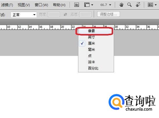 要调出比较精确的辅助线,我们需要修改一下标尺单位,如图所示,右键单击标尺,弹出菜单,我们把单位改为“像素”。
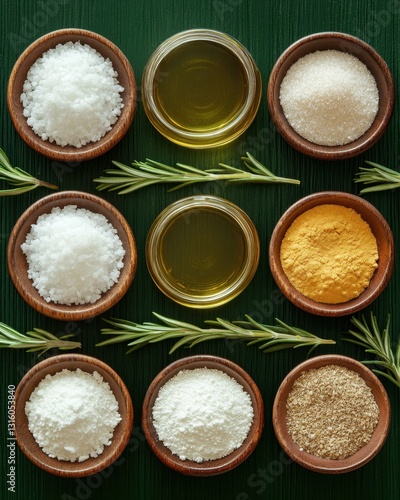 Culinary Still Life of Spices and Herbs in Wooden Bowls on Green Background Overhead View Food Photography
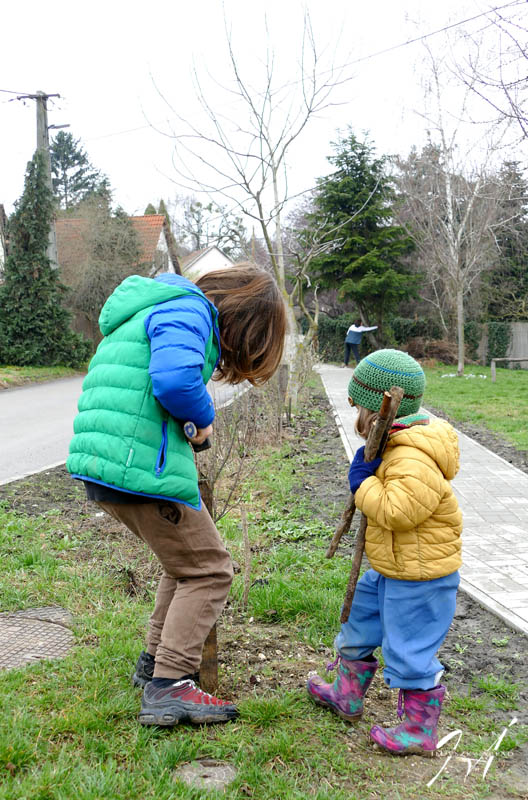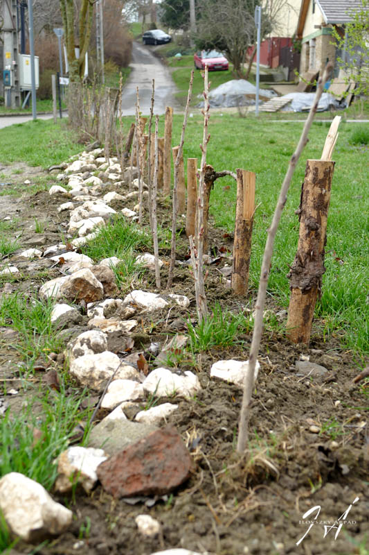Vége a télnek. A befőttesüvegeket eltávolítottuk. A gondos segítők minden új dugványozott ribizli és jósta tövet elláttak cserébe két oldali karókkal, védve a pici hajtásokat a fűkaszák, labdák és szaladgáló gyerekek veszélyeitől.
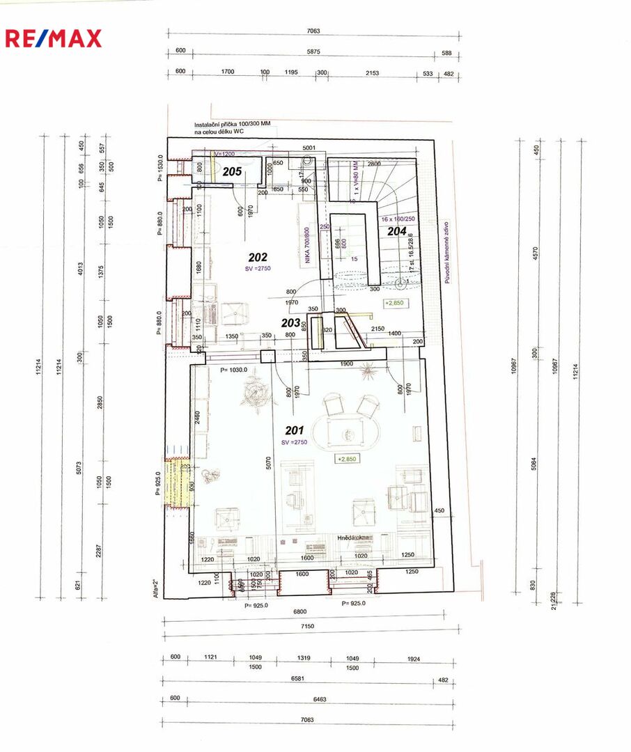 1. NP: Jednací místnost s kuchyňským koutem, samostatné WC, sklad a chodba s technickým zázemím.
----
→ Task
Write out, exactly and only, the lines from the one containing "Vége a télnek." through the last line of the material above. Pictures do not go in the copy.

→ Solution to this exercise
Vége a télnek. A befőttesüvegeket eltávolítottuk. A gondos segítők minden új dugványozott ribizli és jósta tövet elláttak cserébe két oldali karókkal, védve a pici hajtásokat a fűkaszák, labdák és szaladgáló gyerekek veszélyeitől.
 1. NP: Jednací místnost s kuchyňským koutem, samostatné WC, sklad a chodba s technickým zázemím.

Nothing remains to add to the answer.